Playfully supporting system change

Stephen Blyth

 

Playful ways of engaging people in a way that gets people’s attention – a laugh or a smile is vital.  If we are browbeaten into being involved, who’s going to last?

 

Stephen Blyth works to empower people in Tangata Whenua, community and volunteer groups.  He is a Net Squared Ambassador and we talk about that role – it’s not about a long list of apps, but about getting a better understanding of where technology fits in to support social change.  Stephen found himself helping to create the first version of CommunityNet Aotearoa in 1998.  He’s barely turned his back on the community and the internet ever since. After leading this pioneering community website he has worked in a wide variety of advisory, capacity building and communications roles for government agencies, and tangata whenua, commuity and voluntary sector organisations. Currently he is instigator of Common Knowledge, a provider of services to good causes to help them effectively use the web, and works part-time for Community Research.

Talking points

I decided to spend my career involved in change.

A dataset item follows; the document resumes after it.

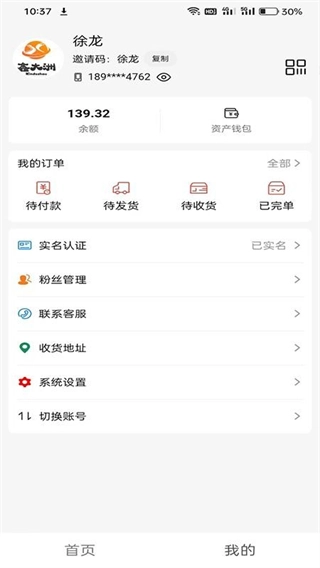 4. 点击页面下方的‘我的’,即可看到我的订单、实名认证、联系客服等功能。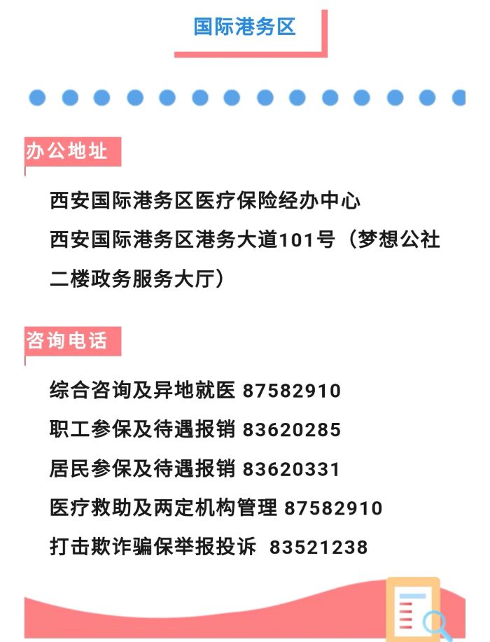 西安国际港务区医疗保险经办中心办公地址:西安国际港务区港务大道101号(梦想公社二楼政务服务大厅)

There’s a large number of people on the planet, we’re a finite planet, the quality of life that we’re experiencing is very different in different parts of the world and even within our own country.

I believe that everyone could have a good life, with rewarding work, healthy families in an environment that is sustained for all our future generations.  But unfortunately we seem to be trapped in a pattern that is going against the inbuilt and inherent care that we as humans have for other people.

What has to change is quite a lot, but in a way it’s getting back to living out some of the human values that have been brushed over in what I consider a very materialistic, individualistic society.

It’s not about doing without. The way that we live,  highly urbanised, driving everywhere, thinking that we can buy happiness – just doesn’t gel for me.

We really have to fight to make sure that other world views are heard.

We need the time to create things, we’ve gotten sucked into the idea that we have to buy everything.

A 40 hour work week is the norm – more for many people –  is that as satisfying as it could be for an individual,  or could some richness and other benefits come from being part of an active community?

People participating on their own terms.

Often in a workplace the work is about the skills and experience you bring, but not about you – you have to leave yourself at the door – there’s not a role for the fuller complexity of your life.  In a community setting you can be more yourself.

We undervalue the important services, but its not about the individuals, it’s about the structure that we’re in, and it’s a structure of great inequality.

There’s an inbuilt inertia and an inbuilt set of set of incentives for a certain group of people to maintain things as they are.

There’s a different way of doing things, we don’t all have to become mini-businesses.

We’ve held ourselves hostage to a set of assumptions that a health society is about growth.

The danger of monetising everything, costing harm as monetary harm, that it leads “pay it  off, pay some money and eliminate the harm”  – but its a falsehood – the harm still exists.

I want to encourage more cooperation – individual achievements still respected, but people coming together in a common place.